• _EXERCISE DETAILS_: Return only the lines from the top of the data down to the one that holds "Jeźdźcy i konie", both included, without any pictures.

BEGIN

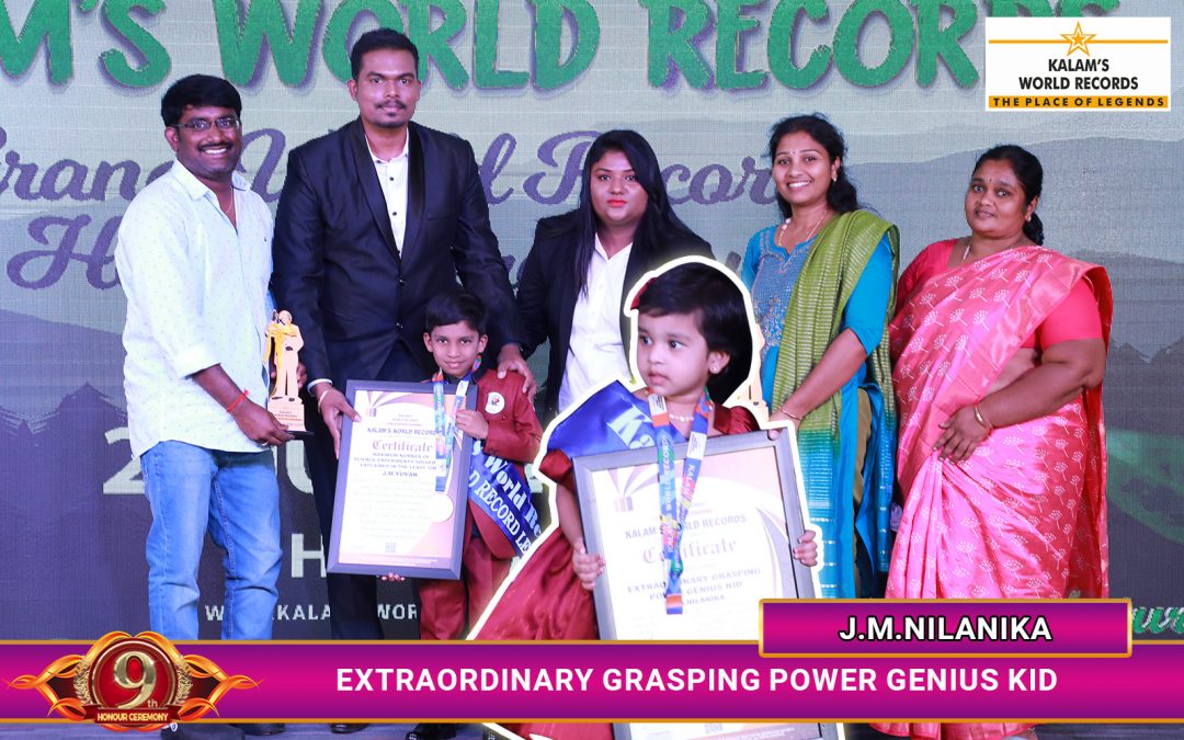 Born On 05-10-2020 In Salem, Tamilnadu, India.she Is Appreciated For Her Talent By Identifying 48 Animals 24 Birds, 14 Vegetables, 22 Fruits, 76 Household Items, 40 Food Items, 24 Cartoon Characters, 14 Vehicles, 16 Professions, 25 Action Words, 26 Accessories, 19 Body Parts, 10 Differentiating (Tall, Short, Big And Small), 10 Counting Objects,12 Matching Objects, Reciting 6 Tamil Stories And Rhymes, 6 English Rhymes, Alphabets Tamil And English, Numbers 1-10.we At Kalam’s World Records Are Appreciating Her Talent, Honouring Her On Stage With Big Applause, And Looking Forward To Her Future Stepping Stones.
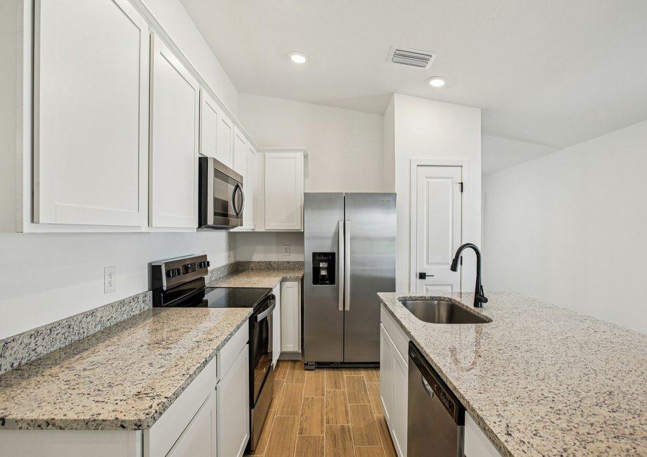 The Hillsborough at Trilby Crossing is outfitted with the coveted LGI Homes’ CompleteHome™ package that gives you incredible upgrades at no additional cost. The package includes a Wi-Fi-enabled garage opener, USB outlet in the kitchen, sprawling marble countertops, a suite of Whirlpool® stainless steel appliances, and much more!
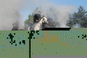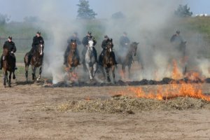 Jeźdźcy i konie na egzaminie musieli wykazać się umiejętnością jazdy w szykach, w różnego rodzaju konfiguracjach. Panowanie nad rumakami w niecodziennych dla koni warunkach – przy huku petard, broni automatycznej, w dymie, ogniu i to zarówno w grupie, jak i indywidualnie – to duża sztuka. Ale ani banda kibiców, w których rolę na egzaminie wcielili się funkcjonariusze oddziałów prewencji, ani rzucane przez nich butelki pozorujące kamienie nie przeraziły pododdziału policji konnej w Poznaniu.
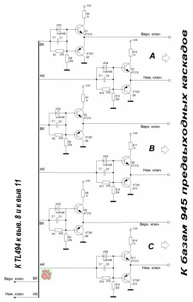 Схема распределителя импульсов представляет собой несколько изменённый простейший двухтактный эмиттерный повторитель. В каждый добавлена форсирующая цепь и ограничительный резистор в цепи коллектора обратного транзистора. Таких повторителей всего шесть, по два на каждый блок питания.
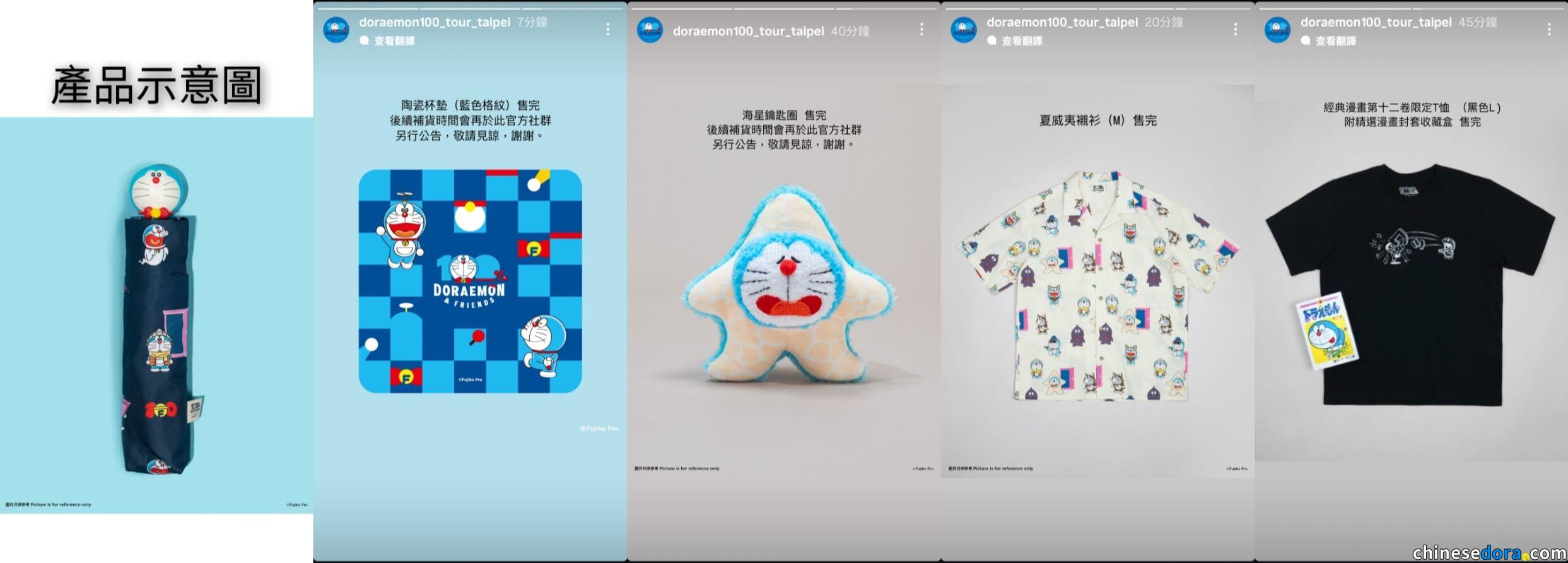 根據「100%哆啦A夢&FRIENDS」巡迴特展台北站消息,7 月 23 日至 8 月 1 日期間,9 款紀念品售罄與待補貨,另外有三款新產品已安排上架!
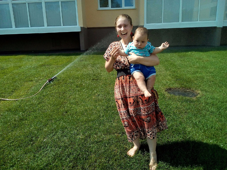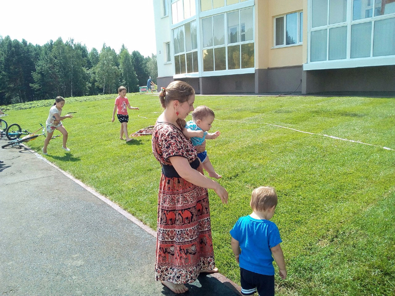 Отчет по развитию мамыБосиком по горячему песку? Запросто! Через узкую тропочку к зеленой травушке? Да, легко! Под искрящие радугой капли разбрызгивателя, поливающего свежий газон, ковриком улегшийся вокруг дома? Можем, умеем, практикуем!
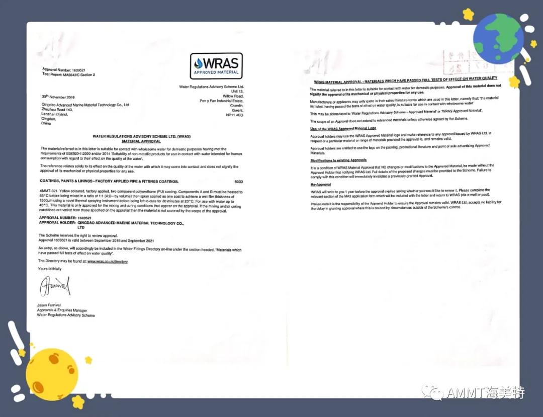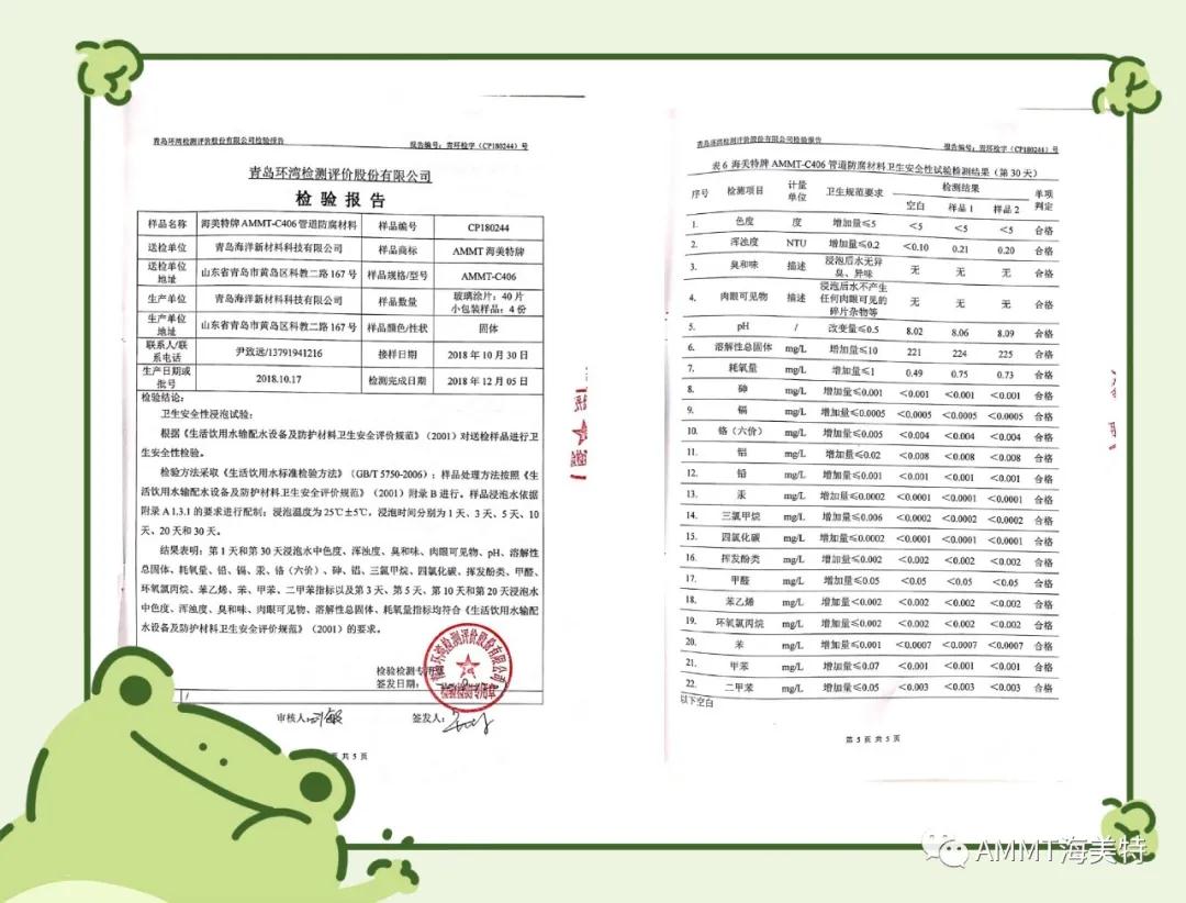 AMMT聚脲系列產(chǎn)品由半預(yù)聚體、聚醚、擴鏈劑等原料組成,綠色環(huán)保,100%固含量,零VOC,經(jīng)過現(xiàn)場噴涂成型的第三代聚脲彈性體。目前主要產(chǎn)品有:AMMT-021管道防腐材料、AMMT-022聚脲防腐材料、AMMT-030高性能聚脲防水材料等。其中管道防腐材料,通過了衛(wèi)生部飲用水檢測和英國皇家水務(wù)飲用水認證,達到涉及飲用水的標準。
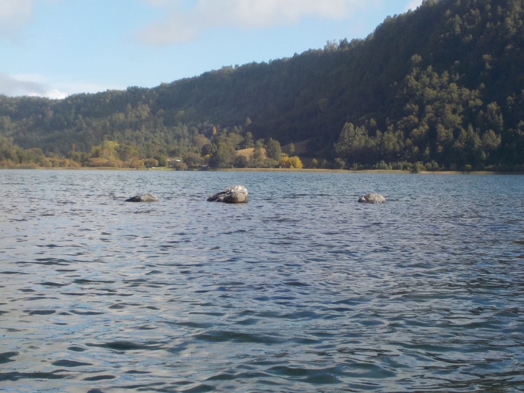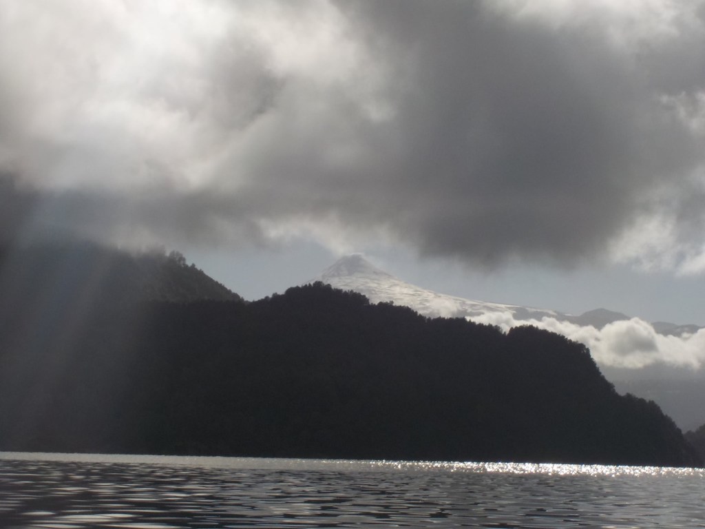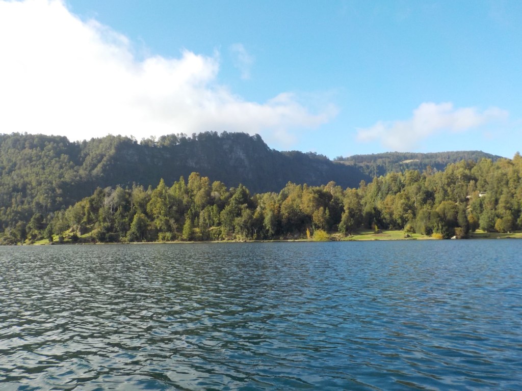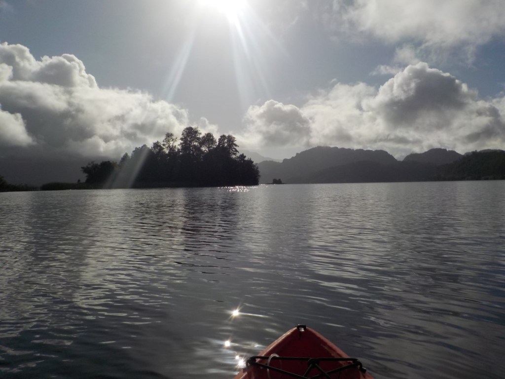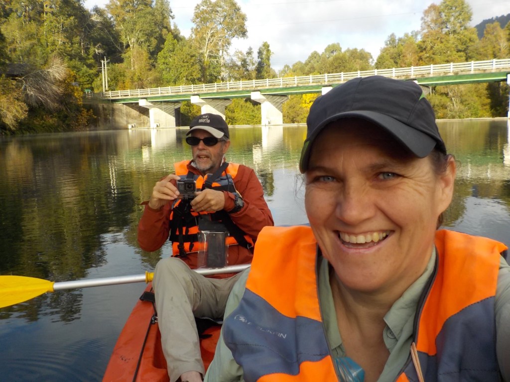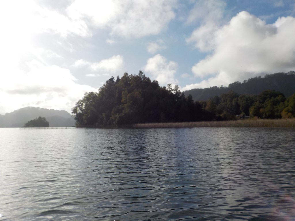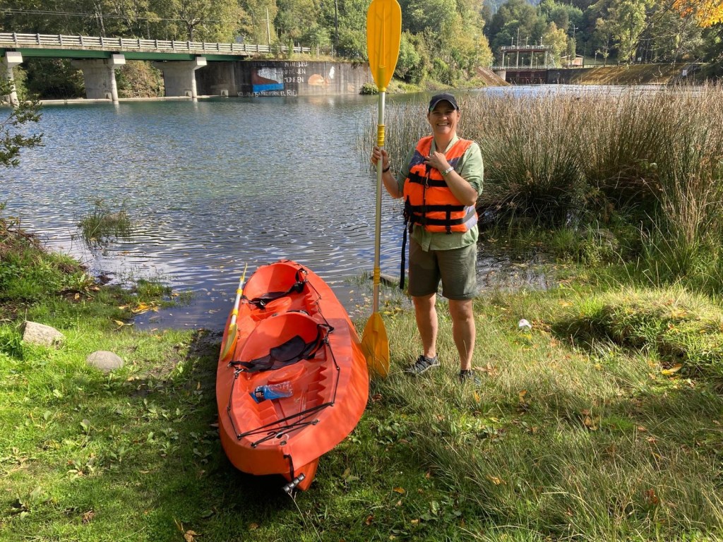 After breakfast, we got a lift in the Ute of our hosts to the same lookout where we had stopped on our way to the Cabañas the day before where we put the open double kayak in the water. We had two hours to explore the lake on our own. It was magical with steam rising over the lake, autumn coloured leaves falling and we really enjoyed the two hours on the water. We paddled 6km in total and made it a fair way across the lake and we managed to get a glimpse of the top of volcan Villarrica when the clouds lifted enough to briefly see the peak. We were back by 12:00 noon and our lovely hosts came to pick us up.

END

• _ANSWER TO THE PROBLEM_:
 Born On 05-10-2020 In Salem, Tamilnadu, India.she Is Appreciated For Her Talent By Identifying 48 Animals 24 Birds, 14 Vegetables, 22 Fruits, 76 Household Items, 40 Food Items, 24 Cartoon Characters, 14 Vehicles, 16 Professions, 25 Action Words, 26 Accessories, 19 Body Parts, 10 Differentiating (Tall, Short, Big And Small), 10 Counting Objects,12 Matching Objects, Reciting 6 Tamil Stories And Rhymes, 6 English Rhymes, Alphabets Tamil And English, Numbers 1-10.we At Kalam’s World Records Are Appreciating Her Talent, Honouring Her On Stage With Big Applause, And Looking Forward To Her Future Stepping Stones.
 The Hillsborough at Trilby Crossing is outfitted with the coveted LGI Homes’ CompleteHome™ package that gives you incredible upgrades at no additional cost. The package includes a Wi-Fi-enabled garage opener, USB outlet in the kitchen, sprawling marble countertops, a suite of Whirlpool® stainless steel appliances, and much more!
 Jeźdźcy i konie na egzaminie musieli wykazać się umiejętnością jazdy w szykach, w różnego rodzaju konfiguracjach. Panowanie nad rumakami w niecodziennych dla koni warunkach – przy huku petard, broni automatycznej, w dymie, ogniu i to zarówno w grupie, jak i indywidualnie – to duża sztuka. Ale ani banda kibiców, w których rolę na egzaminie wcielili się funkcjonariusze oddziałów prewencji, ani rzucane przez nich butelki pozorujące kamienie nie przeraziły pododdziału policji konnej w Poznaniu.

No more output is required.